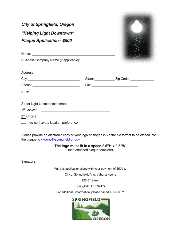 City of Springfield, Oregon Helping Light Downtown Plaque Application $500 Name: Business/Company Name (if applicable): Address: City State: Zip Code: Phone: Fax: Email: Streetlight Location (see
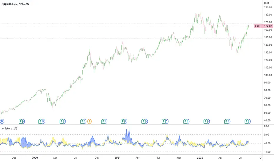 The Whisker Reversal Oscillator shows the average length of the top and bottom whiskers on candlesticks over a defined length. It plots the percentage difference between the whiskers and the length of the body, with the yellow line representing the average length of the top whisker, and the bottom line indicating the average length of the bottom whisker.
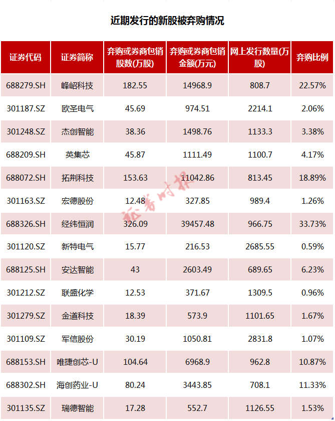 除了申购新股的投资者数量大幅减少外,中签投资者弃购的现象也愈演愈烈。科创板企业经纬恒润被网上投资者弃购3.95亿元,拓荆科技、峰岹科技被网上投资者弃购的金额也在1亿元以上。
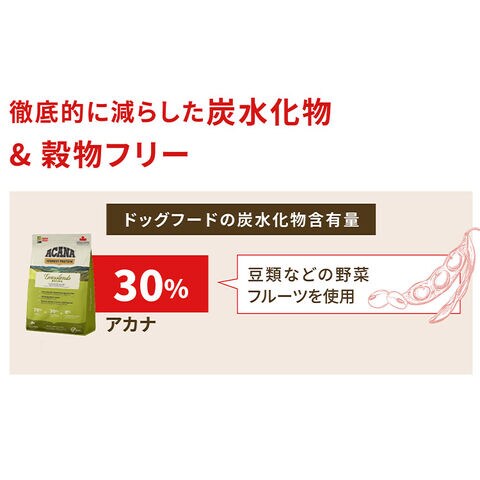 新鮮鶏肉 (18%), 乾燥鶏肉 (18%), 丸ごと赤レンズ豆, 丸ごとグリーンピース, 新鮮鶏内臓 (レバー, 心臓) (7%), 鶏脂肪 (7%), 乾燥七面鳥肉 (4%), 卵(4%), 生カレイ (4%), 乾燥ニシン (4%), フィッシュオイル (3%), 丸ごと緑レンズ豆, 丸ごとヒヨコ豆, 丸ごとイエローピース, エンドウ豆繊維, エンドウ豆スターチ, 生七面鳥レバー (1%), 塩, 乾燥ケルプ, 新鮮丸ごとカボチャ, 新鮮丸ごとバターナッツスクワッシュ, 新鮮丸ごとニンジン, 新鮮丸ごとリンゴ, 新鮮丸ごと洋梨, 新鮮丸ごとズッキーニ, 乾燥チコリールート, 新鮮ケール, 新鮮ホウレン草, 新鮮カブラ菜, 新鮮ビートの葉, 新鮮丸ごとクランベリー, 新鮮丸ごとブルーベリー, 新鮮丸ごとサスカトゥーンベリー, ターメリック, オオアザミ, ゴボウ, ラベンダー, マシュマロルート, ローズヒップ 植物油から抽出したトコフェロール: 121mg, クエン酸: 40mg, ローズマリーエキス: 80mg 添加栄養素(1kgあたり): 3a890 塩化コリン (コリン): 700 mg, 3b606 (亜鉛: 112.5 mg), 3b406 (銅: 11mg), 3a821ビタミンB1: 25mg, 3a841ビタミンB5: 8 mg, 3a831 ビタミンB6: 7.5mg, 3a672aビタミンA: 7500 IU, 3a671ビタミンD3: 1000 IU, 3a700ビタミンE: 100 IU 添加腸球菌: 4b1707 エンテロコッカスフェシウム菌NCIMB 10415 2.2x10^6 CFU.

Work instructions
Beginning with the line that holds "除了申购新股的投资者数量大幅" and ending with the last line of the material above, extract every line exactly, pictures excluded.

Solution for this exercise
 除了申购新股的投资者数量大幅减少外,中签投资者弃购的现象也愈演愈烈。科创板企业经纬恒润被网上投资者弃购3.95亿元,拓荆科技、峰岹科技被网上投资者弃购的金额也在1亿元以上。
 新鮮鶏肉 (18%), 乾燥鶏肉 (18%), 丸ごと赤レンズ豆, 丸ごとグリーンピース, 新鮮鶏内臓 (レバー, 心臓) (7%), 鶏脂肪 (7%), 乾燥七面鳥肉 (4%), 卵(4%), 生カレイ (4%), 乾燥ニシン (4%), フィッシュオイル (3%), 丸ごと緑レンズ豆, 丸ごとヒヨコ豆, 丸ごとイエローピース, エンドウ豆繊維, エンドウ豆スターチ, 生七面鳥レバー (1%), 塩, 乾燥ケルプ, 新鮮丸ごとカボチャ, 新鮮丸ごとバターナッツスクワッシュ, 新鮮丸ごとニンジン, 新鮮丸ごとリンゴ, 新鮮丸ごと洋梨, 新鮮丸ごとズッキーニ, 乾燥チコリールート, 新鮮ケール, 新鮮ホウレン草, 新鮮カブラ菜, 新鮮ビートの葉, 新鮮丸ごとクランベリー, 新鮮丸ごとブルーベリー, 新鮮丸ごとサスカトゥーンベリー, ターメリック, オオアザミ, ゴボウ, ラベンダー, マシュマロルート, ローズヒップ 植物油から抽出したトコフェロール: 121mg, クエン酸: 40mg, ローズマリーエキス: 80mg 添加栄養素(1kgあたり): 3a890 塩化コリン (コリン): 700 mg, 3b606 (亜鉛: 112.5 mg), 3b406 (銅: 11mg), 3a821ビタミンB1: 25mg, 3a841ビタミンB5: 8 mg, 3a831 ビタミンB6: 7.5mg, 3a672aビタミンA: 7500 IU, 3a671ビタミンD3: 1000 IU, 3a700ビタミンE: 100 IU 添加腸球菌: 4b1707 エンテロコッカスフェシウム菌NCIMB 10415 2.2x10^6 CFU.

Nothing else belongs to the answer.